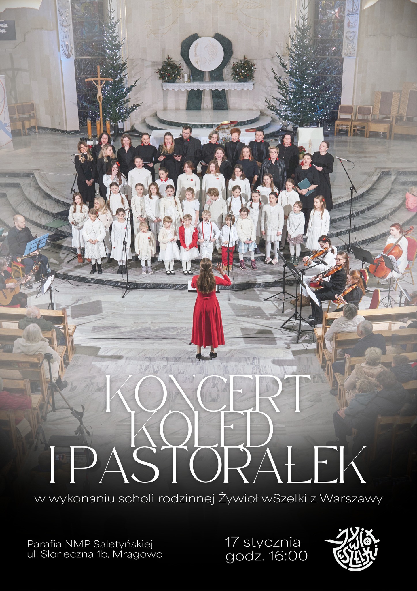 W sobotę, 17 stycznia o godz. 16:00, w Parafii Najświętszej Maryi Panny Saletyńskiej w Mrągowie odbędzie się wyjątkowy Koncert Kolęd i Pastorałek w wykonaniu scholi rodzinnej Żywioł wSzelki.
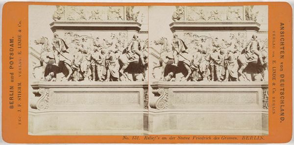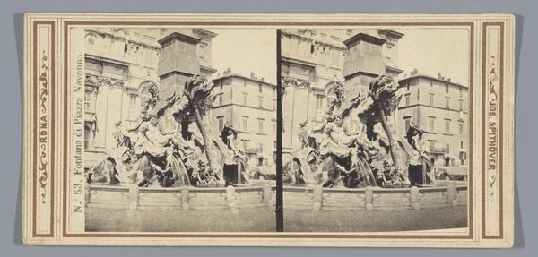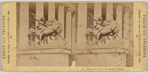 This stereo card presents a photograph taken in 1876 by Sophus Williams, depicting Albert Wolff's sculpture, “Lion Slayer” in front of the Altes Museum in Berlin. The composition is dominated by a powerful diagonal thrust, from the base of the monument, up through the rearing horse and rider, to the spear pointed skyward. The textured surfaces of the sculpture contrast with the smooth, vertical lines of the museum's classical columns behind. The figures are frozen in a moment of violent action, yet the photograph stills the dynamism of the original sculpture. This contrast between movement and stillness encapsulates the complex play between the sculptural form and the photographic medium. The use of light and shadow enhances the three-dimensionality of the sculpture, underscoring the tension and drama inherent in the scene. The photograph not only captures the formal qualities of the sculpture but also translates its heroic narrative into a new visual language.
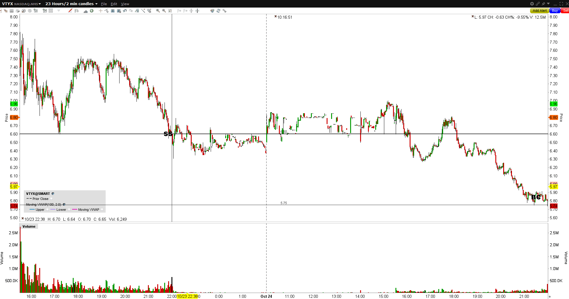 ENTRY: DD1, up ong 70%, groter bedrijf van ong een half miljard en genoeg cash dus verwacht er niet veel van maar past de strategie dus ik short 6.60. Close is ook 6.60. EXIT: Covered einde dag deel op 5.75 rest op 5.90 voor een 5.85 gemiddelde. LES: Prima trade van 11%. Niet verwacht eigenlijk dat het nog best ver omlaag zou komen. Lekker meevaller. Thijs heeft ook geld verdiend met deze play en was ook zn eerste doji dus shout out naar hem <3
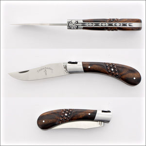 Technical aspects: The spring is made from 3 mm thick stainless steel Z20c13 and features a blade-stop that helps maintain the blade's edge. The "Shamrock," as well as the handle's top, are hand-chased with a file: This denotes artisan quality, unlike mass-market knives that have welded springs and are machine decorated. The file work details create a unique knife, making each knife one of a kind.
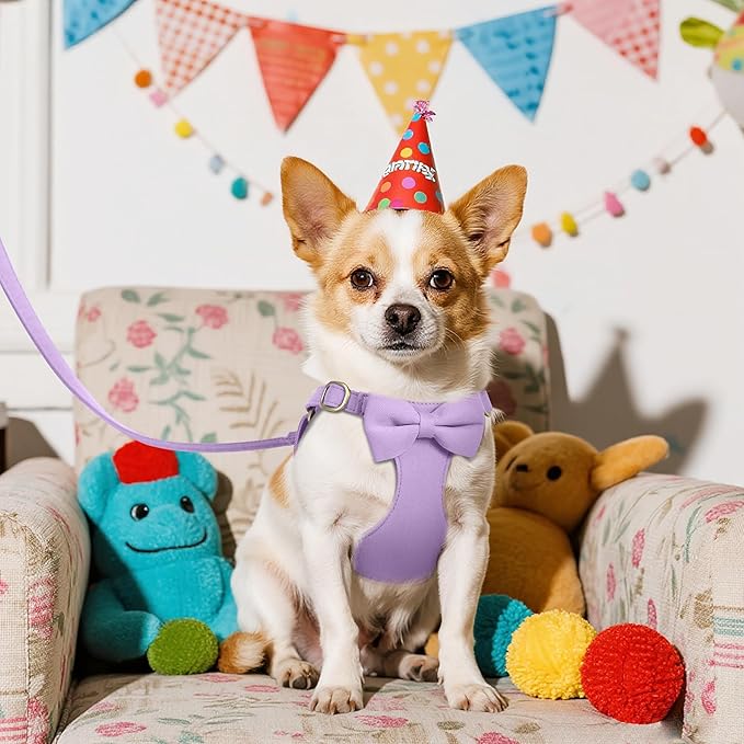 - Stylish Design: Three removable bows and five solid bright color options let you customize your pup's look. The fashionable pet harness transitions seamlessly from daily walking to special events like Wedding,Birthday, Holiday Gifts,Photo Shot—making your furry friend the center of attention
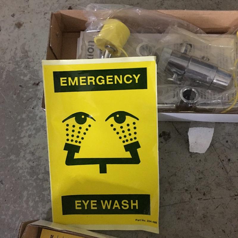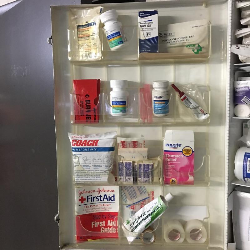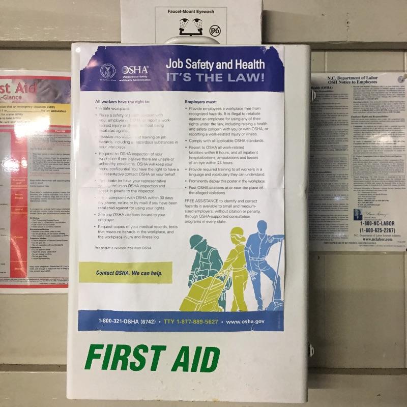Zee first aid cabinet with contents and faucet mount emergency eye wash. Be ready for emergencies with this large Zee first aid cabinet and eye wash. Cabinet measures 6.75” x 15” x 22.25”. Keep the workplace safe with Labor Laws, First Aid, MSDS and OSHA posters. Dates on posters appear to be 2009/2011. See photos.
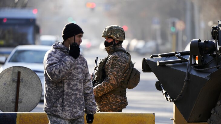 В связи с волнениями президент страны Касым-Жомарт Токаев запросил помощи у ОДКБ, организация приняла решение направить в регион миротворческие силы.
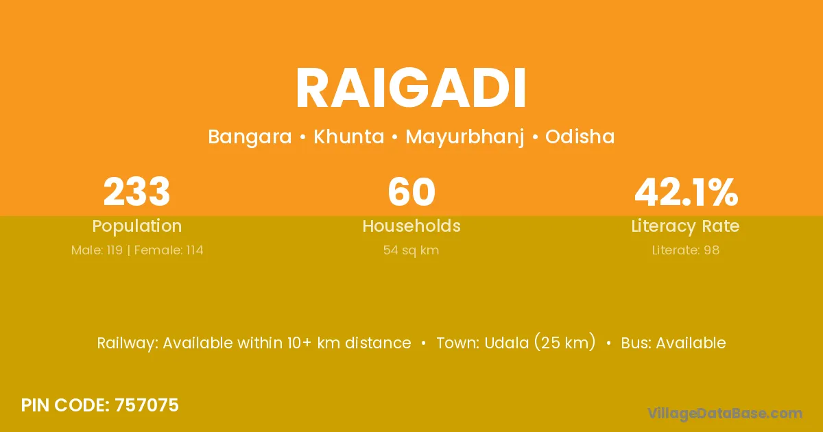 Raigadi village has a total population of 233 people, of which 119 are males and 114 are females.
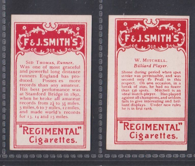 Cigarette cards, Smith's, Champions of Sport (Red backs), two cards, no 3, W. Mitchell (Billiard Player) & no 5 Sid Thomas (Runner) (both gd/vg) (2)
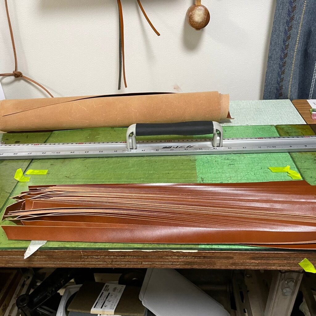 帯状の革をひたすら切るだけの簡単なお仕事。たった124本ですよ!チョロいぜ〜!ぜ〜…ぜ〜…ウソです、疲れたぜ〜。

********

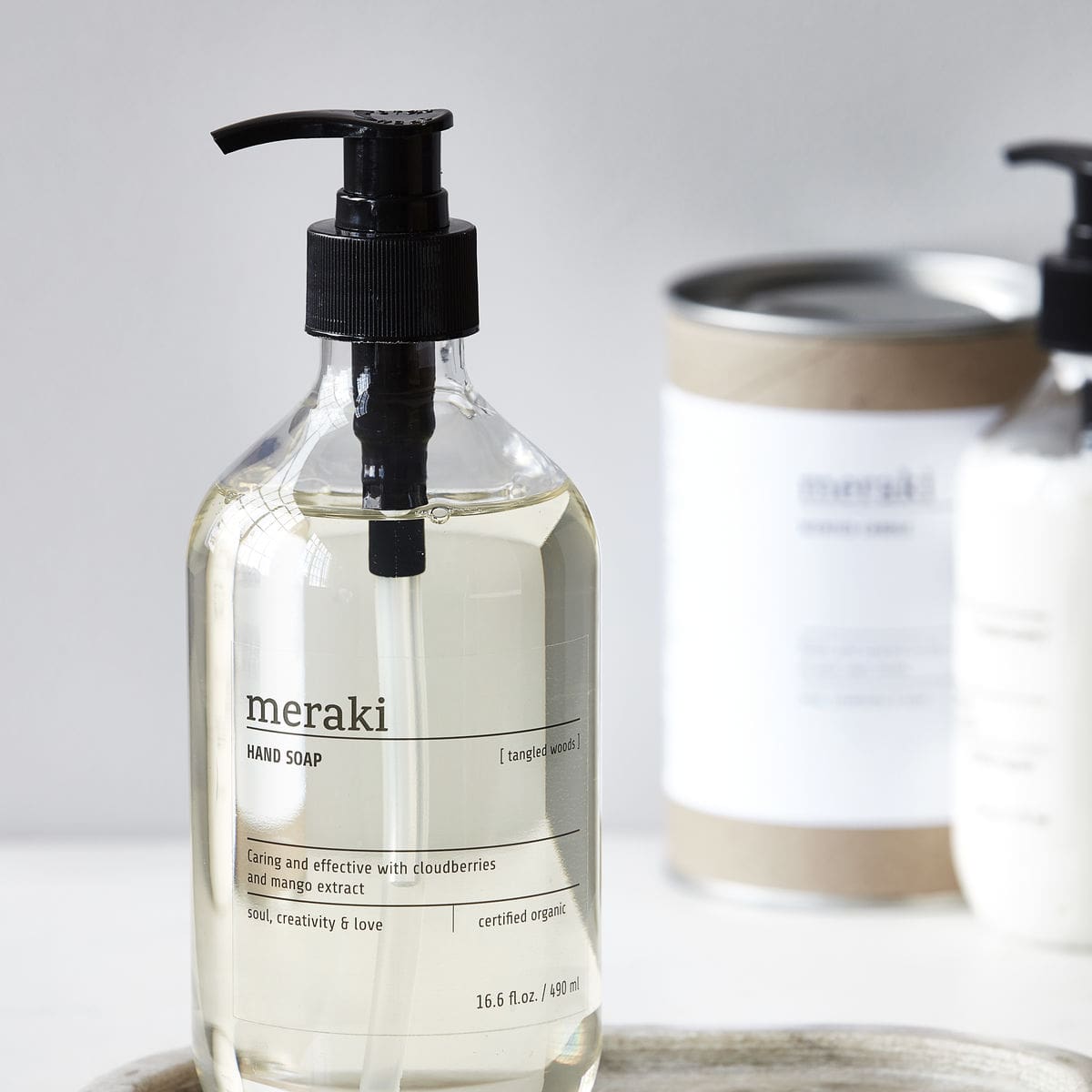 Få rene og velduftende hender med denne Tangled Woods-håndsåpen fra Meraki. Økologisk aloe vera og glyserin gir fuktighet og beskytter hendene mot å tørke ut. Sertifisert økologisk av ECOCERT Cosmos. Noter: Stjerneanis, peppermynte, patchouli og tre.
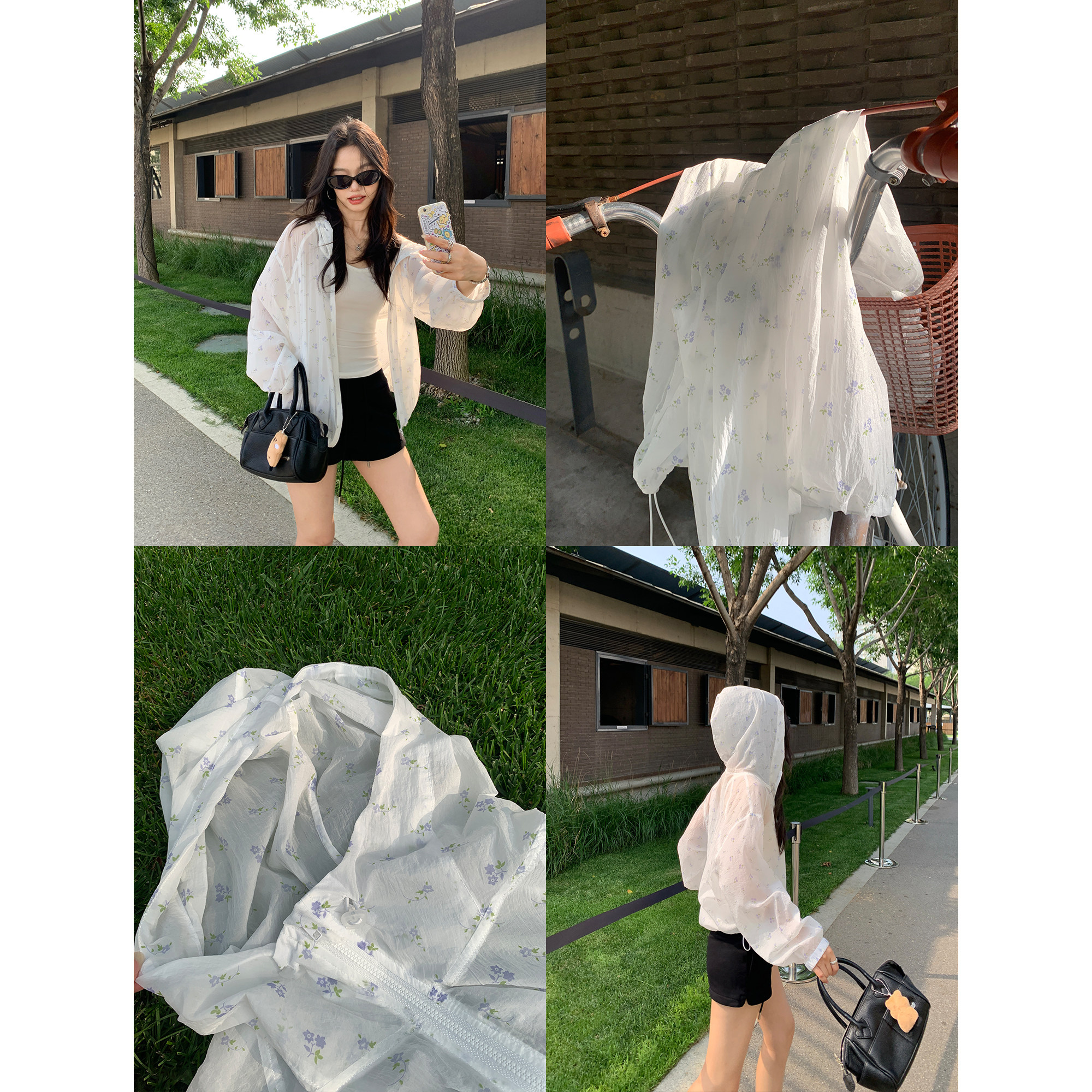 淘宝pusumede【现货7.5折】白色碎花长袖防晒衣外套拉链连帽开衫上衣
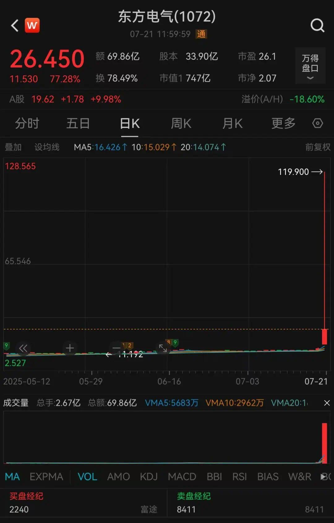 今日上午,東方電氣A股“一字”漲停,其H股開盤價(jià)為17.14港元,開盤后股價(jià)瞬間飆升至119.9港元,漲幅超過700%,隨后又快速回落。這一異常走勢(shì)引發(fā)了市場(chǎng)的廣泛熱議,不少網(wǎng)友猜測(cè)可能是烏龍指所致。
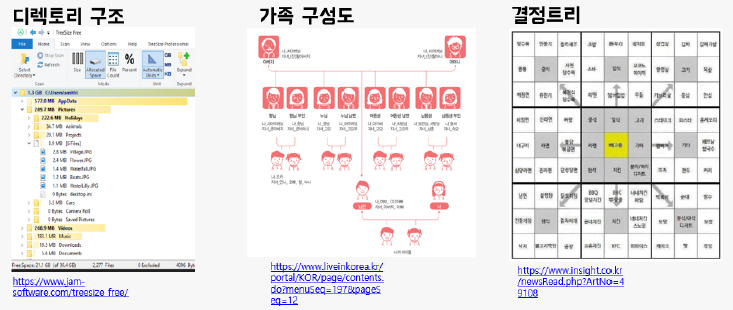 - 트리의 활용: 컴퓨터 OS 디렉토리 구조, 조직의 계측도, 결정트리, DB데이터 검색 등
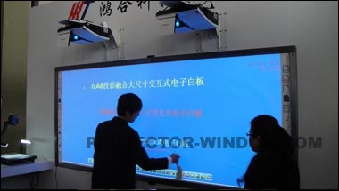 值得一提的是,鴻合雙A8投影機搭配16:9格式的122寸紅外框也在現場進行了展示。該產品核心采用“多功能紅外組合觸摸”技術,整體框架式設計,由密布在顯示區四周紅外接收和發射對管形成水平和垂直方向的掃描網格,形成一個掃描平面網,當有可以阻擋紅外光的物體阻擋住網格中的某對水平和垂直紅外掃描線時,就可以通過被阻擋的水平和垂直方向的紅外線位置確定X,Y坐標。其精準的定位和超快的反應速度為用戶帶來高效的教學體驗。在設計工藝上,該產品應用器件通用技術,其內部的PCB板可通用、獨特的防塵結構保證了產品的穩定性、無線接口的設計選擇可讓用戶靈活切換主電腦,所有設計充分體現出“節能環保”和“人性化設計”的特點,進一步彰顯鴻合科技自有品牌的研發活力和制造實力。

********

WHAT TO PRODUCE: In the data above, the stretch from the line with "В связи с волнениями" through the line with "帯状の革をひたすら切るだけの" is to be returned exactly, minus any pictures.

RESPONSE TO THE TASK:
 В связи с волнениями президент страны Касым-Жомарт Токаев запросил помощи у ОДКБ, организация приняла решение направить в регион миротворческие силы.
 Raigadi village has a total population of 233 people, of which 119 are males and 114 are females.
 Cigarette cards, Smith's, Champions of Sport (Red backs), two cards, no 3, W. Mitchell (Billiard Player) & no 5 Sid Thomas (Runner) (both gd/vg) (2)
 帯状の革をひたすら切るだけの簡単なお仕事。たった124本ですよ!チョロいぜ〜!ぜ〜…ぜ〜…ウソです、疲れたぜ〜。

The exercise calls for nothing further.